Inspect condensed features¶
result.condensed_features is a DataFrame with one row per condensed node
and one column per HKS timescale (short to long).
result.condensed_features.head()
| hks_0 | hks_1 | hks_2 | hks_3 | hks_4 | hks_5 | hks_6 | hks_7 | hks_8 | hks_9 | ... | hks_22 | hks_23 | hks_24 | hks_25 | hks_26 | hks_27 | hks_28 | hks_29 | hks_30 | hks_31 | |
|---|---|---|---|---|---|---|---|---|---|---|---|---|---|---|---|---|---|---|---|---|---|
| -1 | NaN | NaN | NaN | NaN | NaN | NaN | NaN | NaN | NaN | NaN | ... | NaN | NaN | NaN | NaN | NaN | NaN | NaN | NaN | NaN | NaN |
| 0 | -14.385658 | -14.431233 | -14.485003 | -14.548036 | -14.621345 | -14.705779 | -14.801884 | -14.909724 | -15.028725 | -15.157562 | ... | -16.859406 | -16.967730 | -17.072580 | -17.173508 | -17.270723 | -17.365082 | -17.457726 | -17.549759 | -17.642195 | -17.736143 |
| 1 | -14.364993 | -14.412881 | -14.469562 | -14.536244 | -14.614092 | -14.704091 | -14.806849 | -14.922342 | -15.049617 | -15.186545 | ... | -16.811813 | -16.923306 | -17.035780 | -17.150280 | -17.267025 | -17.385151 | -17.503065 | -17.619148 | -17.732439 | -17.842937 |
| 2 | -13.221722 | -13.261107 | -13.307681 | -13.362417 | -13.426250 | -13.499960 | -13.584015 | -13.678332 | -13.782001 | -13.892975 | ... | -14.922030 | -15.024227 | -15.144602 | -15.286610 | -15.454020 | -15.650618 | -15.879692 | -16.143141 | -16.439947 | -16.763842 |
| 3 | -13.275511 | -13.289325 | -13.305492 | -13.324290 | -13.345988 | -13.370837 | -13.399064 | -13.430880 | -13.466506 | -13.506241 | ... | -15.134044 | -15.446198 | -15.793377 | -16.164434 | -16.537655 | -16.882639 | -17.172083 | -17.397886 | -17.573887 | -17.722248 |
5 rows × 32 columns
Visualize on the mesh¶
Map one feature column back to the simplified mesh vertices using
result.simple_labels — an integer array (one entry per vertex) indicating
which condensed node each vertex belongs to.
poly = pv.make_tri_mesh(*result.simple_mesh)
col = result.condensed_features.columns[10]
scalars = result.condensed_features[col].reindex(result.simple_labels).values
plotter = pv.Plotter(off_screen=True, window_size=(800, 500))
plotter.add_mesh(poly, scalars=scalars, cmap="coolwarm", show_scalar_bar=False)
plotter.view_isometric()
plotter.export_html("hks_feature.html")
b64 = base64.b64encode(open("hks_feature.html", "rb").read()).decode()
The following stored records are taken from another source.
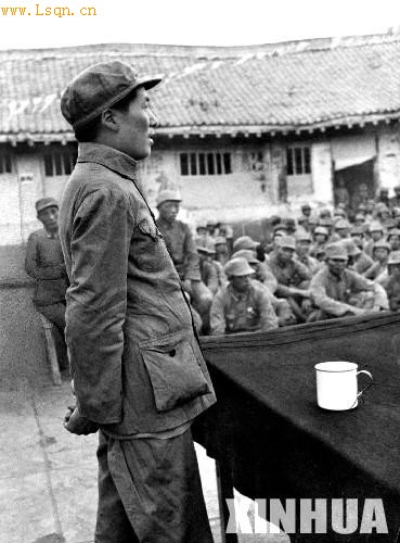 1938年5月26日,毛泽东在延安抗日战争研究会上讲演《论持久战》,至6月3日结束。毛泽东指出,抗日战争是持久战,最后胜利是中国的。这是1938年5月,毛泽东在延安中国人民抗日军政大学作《论持久战》的报告。 新华社发(资料照片)
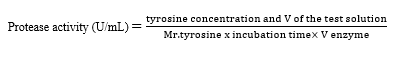 Protease activity is determined by reacting a protease extract sample with a casein substrate. Protease activity is expressed as a concentration based on the amount of tyrosine released, which is read at 275 nm.
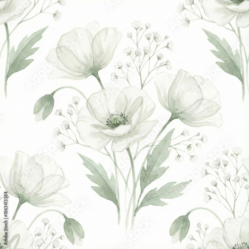 elicate White Poppy Watercolor Seamless Pattern for Wedding Decor
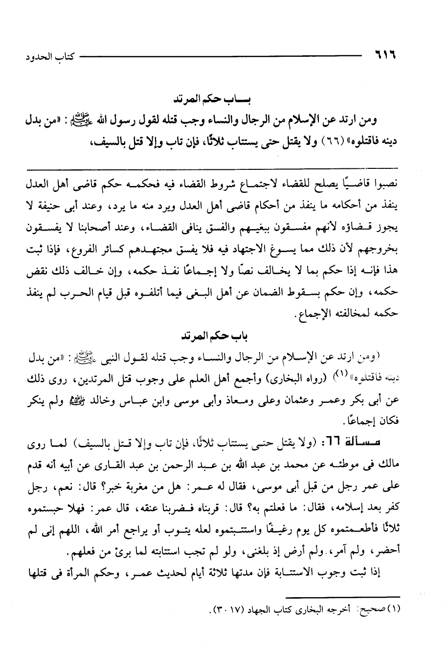 باب حكم المرتد ومن ارتد عن الإسلام من الرجال والنساء وجب قتله؛ لقول رسول الله - صَلَّى اللَّهُ عَلَيْهِ وَسَلَّمَ -: «من بدل دينه فاقتلوه»
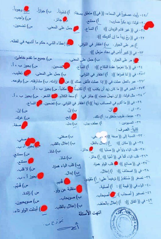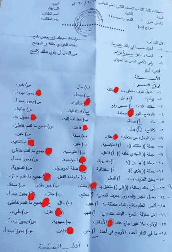 اسئلة اختبار في مادة النحو والصرف2 للسنة2 فصل2 عام2020-2019 (نموذج ب) جامعة دمشق كلية الاداب قسم لغة عربية
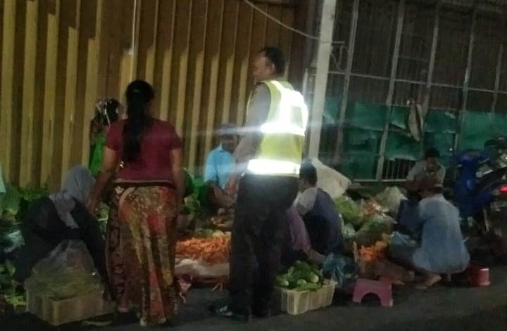 Seputarperak.com- Patroli malam dilakukan Aipda Farid, Babinkamtibmas Nyamplungan, Polsek Pabean Cantikan di seputaran Pasar Pabean, Jalan Songoyudan, Rabu malam, 4 September 2019.
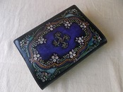 拭き染めとはベースになる色で一度染めた後、刻印の輪郭をテルテル坊主のような筆で適度にぼかす技法です。そうすることのより、アンティーク風になり暖かい印象を与えています。
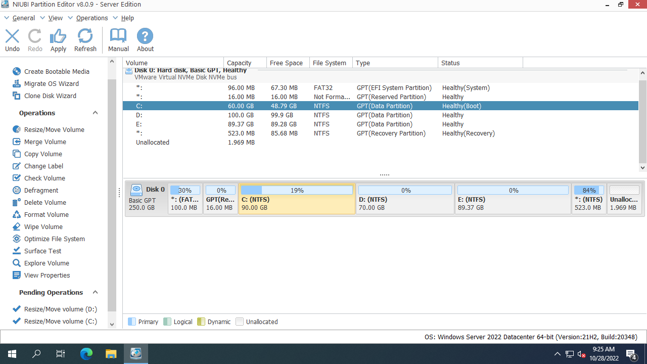 Besides shrinking, moving and extending partitions in Windows Server 2022/2025 and previous Server 2019/2016/2012/2008/2003, NIUBI Partition Editor helps you do many other disk partition management operations.
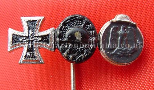 Stickpin 1957 8mm - Group of 3, Iron Cross 2nd Class, Black Wound Badge and Eastern Front Medal
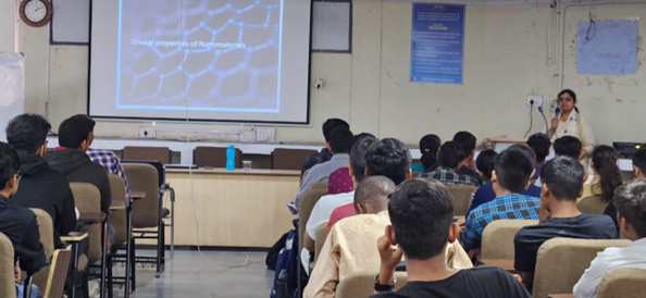 The purpose of hosting an expert lecture on "Scope of Nanoparticles in Chemical Engineering" is to offer our students a broad and forward-thinking educational experience. Nanoparticles have the potential to substantially improve material properties, paving the way for the creation of more efficient and effective processes. By mastering the manipulation and application of nanoparticles, chemical engineers can tailor and refine materials and processes for improved performance and greater sustainability. Exploring the realm of nanoparticles opens up avenues for students to engage with the latest research and innovation, inspiring them to employ their knowledge creatively to solve practical challenges.
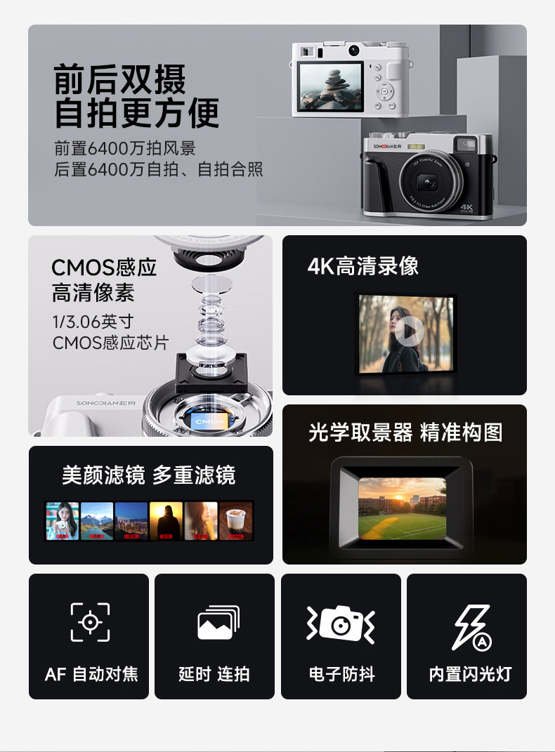 | Color Classification | [Single Camera Model] Dark Black [6400W Pixels + 4K High-Definition Recording + Af Intelligent Focus + Beauty Filter],[Single Camera Model] Haobai [6400W Pixels + 4K High-Definition Recording + Af Intelligent Focus + Beauty Filter],[Single Camera Model] Caramel Brown [6400W Pixels + 4K Hd Recording + Af Intelligent Focus + Beauty Filter],[Dual Front and Rear Cameras] Dark Black [Dual Front and Rear Cameras + 6400W Pixels + 4K Hd Recording + Af Smart Focus + Beauty Filter],[Dual Front and Rear Cameras] Haobai [Dual Front and Rear Cameras + 6400W Pixels + 4K High-Definition Recording + Af Intelligent Focus + Beauty Filter],[Dual Front and Rear Cameras] Dark Black + Camera Bag [Dual Front and Rear Cameras + 6400W Pixels + 4K High-Definition Recording + Af Smart Focus + Beauty Filter],[Dual Front and Rear Cameras] Haobai + Camera Bag [Dual Front and Rear Cameras + 6400W Pixels + 4K High-Definition Recording + Af Intelligent Focus + Beauty Filter],[Dual Front and Rear Cameras] Dark Black + Flash [Dual Front and Rear Cameras + 6400W Pixels + 4K Hd Recording + Af Smart Focus + Beauty Filter],[Dual Front and Rear Cameras] Haobai + Flash [Dual Front and Rear Cameras + 6400W Pixels + 4K Hd Recording + Af Smart Focus + Beauty Filter],【Package Description: Standard Official Configuration - No Memory Card】Please Do Not Purchase This Option |
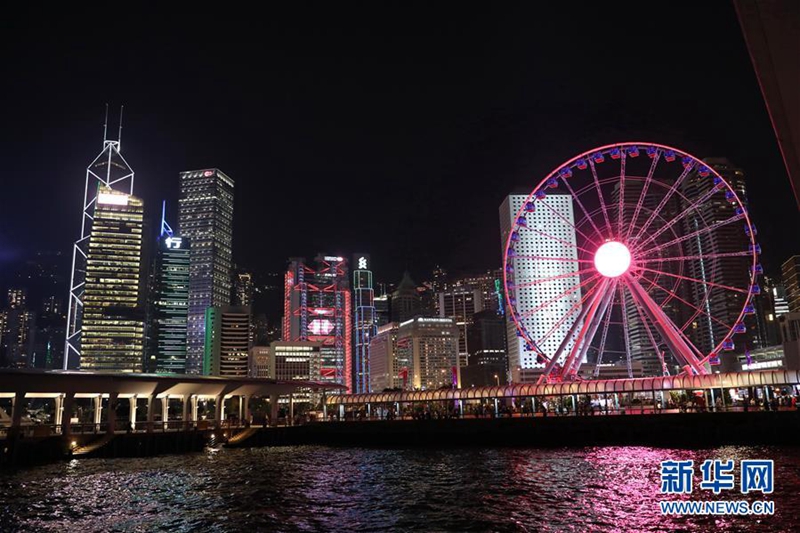 香港维港之滨的夜景(10月3日摄)。 国庆假期期间,香港维港夜色缤纷,歌声不断。 (新华社记者 吴晓初 摄)

with warnings.catch_warnings():
warnings.simplefilter("ignore", UserWarning)
display(
HTML(
f'<iframe src="data:text/html;base64,{b64}" style="width:100%;height:500px;border:none;"></iframe>'
)
)
/home/runner/work/meshmash/meshmash/.venv/lib/python3.12/site-packages/pyvista/plotting/plotter.py:159: UserWarning: This system does not appear to be running an xserver. PyVista will likely segfault when rendering. Try starting a virtual frame buffer with xvfb, or using ``pyvista.start_xvfb()`` warnings.warn(
Using CloudVolume for any neuron¶
To run on an arbitrary neuron from a segmentation dataset, fetch the mesh
with CloudVolume and pass it to
condensed_hks_pipeline in the same way:
from cloudvolume import CloudVolume
cv = CloudVolume(
"graphene://https://minnie.microns-daf.com/segmentation/table/minnie3_v1",
progress=False,
)
root_id = 864691136618675163 # MICrONs pyramidal neuron
raw = cv.mesh.get(root_id)[root_id]
raw = raw.deduplicate_vertices(is_chunk_aligned=True)
vertices, faces = raw.vertices, raw.faces
result = condensed_hks_pipeline((vertices, faces), verbose=True)
Full neurons are considerably larger than the dendrite sample; the pipeline will take longer and use more RAM, but the call is otherwise identical.